▸ **Information supplied**
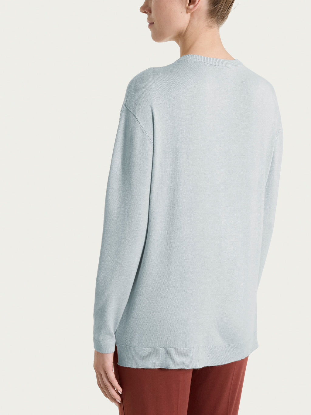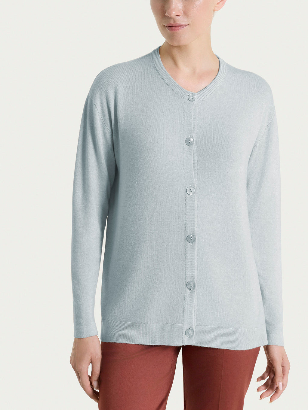 Damenstrickjacke in 12er Stärke mit langen Ärmeln, Rundhalsausschnitt und Knopfverschluss vorne.
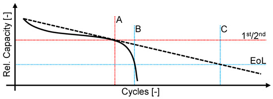 Figure 1 shows this interaction. For both ageing curves, idealised linear (dashed line) and non-linear (solid line), the transition between first and secondary application (1st/2nd) is based on the remaining capacity and shown in red. The EoL is again based on the capacity is shown in blue. Compared to the linear degradation (A to C), the cycle count for the second-life is much smaller in case of non-linear ageing behaviour (A to B) because of the increased capacity fade associated with the sudden-death effect.
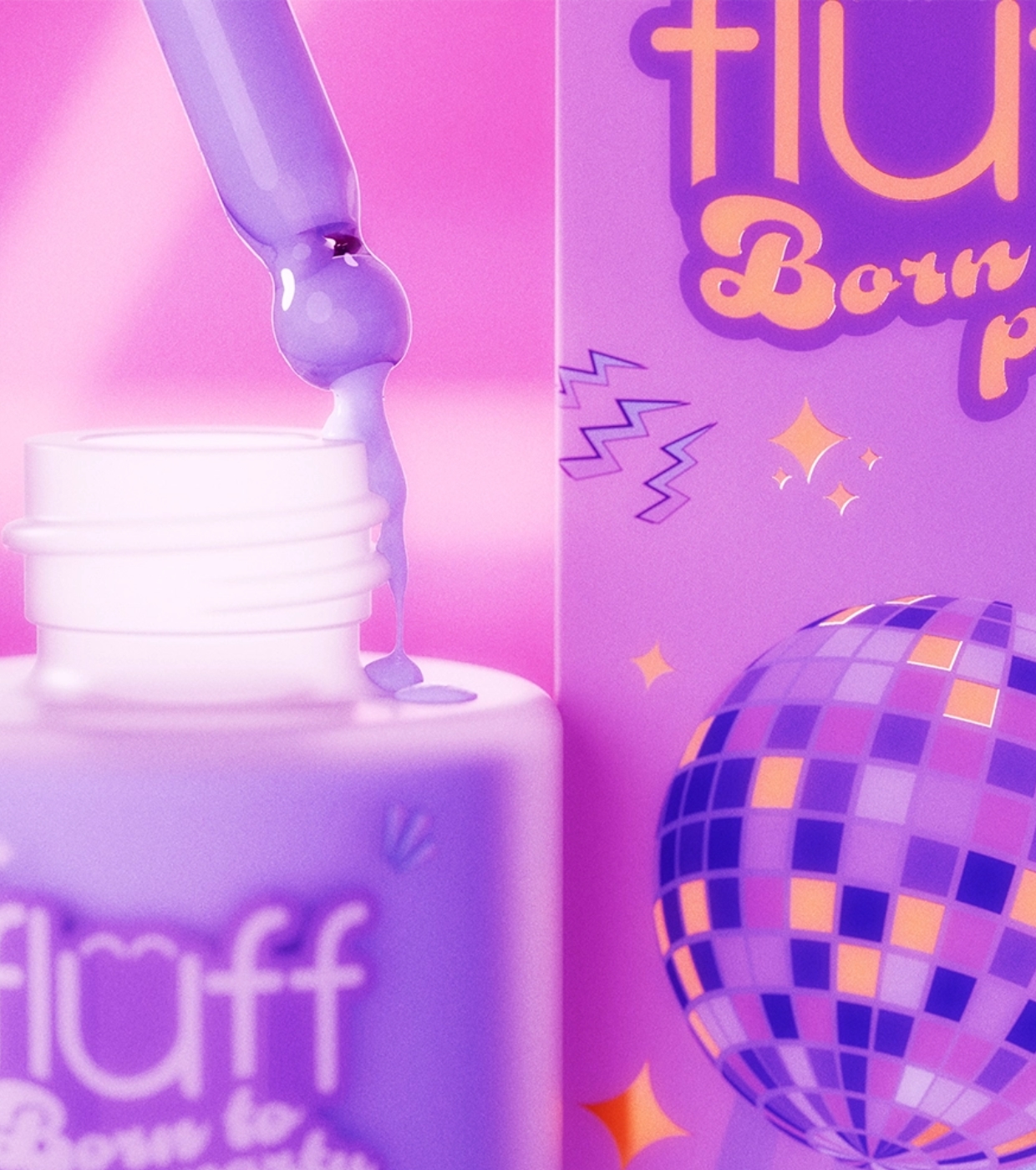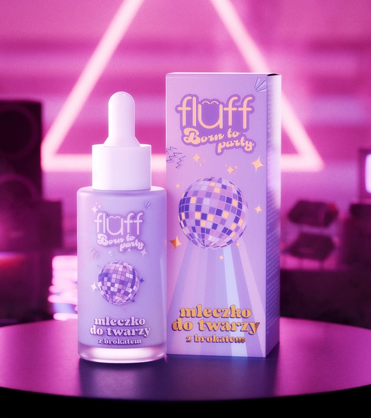 La leche facial con purpurina de Fluff es el primer paso para una piel luminosa, fresca y lista para brillar.

▸ **Task item**
Only the pictures are to be dropped; all other material above must be repeated exactly.

▸ **Reply**
 Damenstrickjacke in 12er Stärke mit langen Ärmeln, Rundhalsausschnitt und Knopfverschluss vorne.
 Figure 1 shows this interaction. For both ageing curves, idealised linear (dashed line) and non-linear (solid line), the transition between first and secondary application (1st/2nd) is based on the remaining capacity and shown in red. The EoL is again based on the capacity is shown in blue. Compared to the linear degradation (A to C), the cycle count for the second-life is much smaller in case of non-linear ageing behaviour (A to B) because of the increased capacity fade associated with the sudden-death effect.
 La leche facial con purpurina de Fluff es el primer paso para una piel luminosa, fresca y lista para brillar.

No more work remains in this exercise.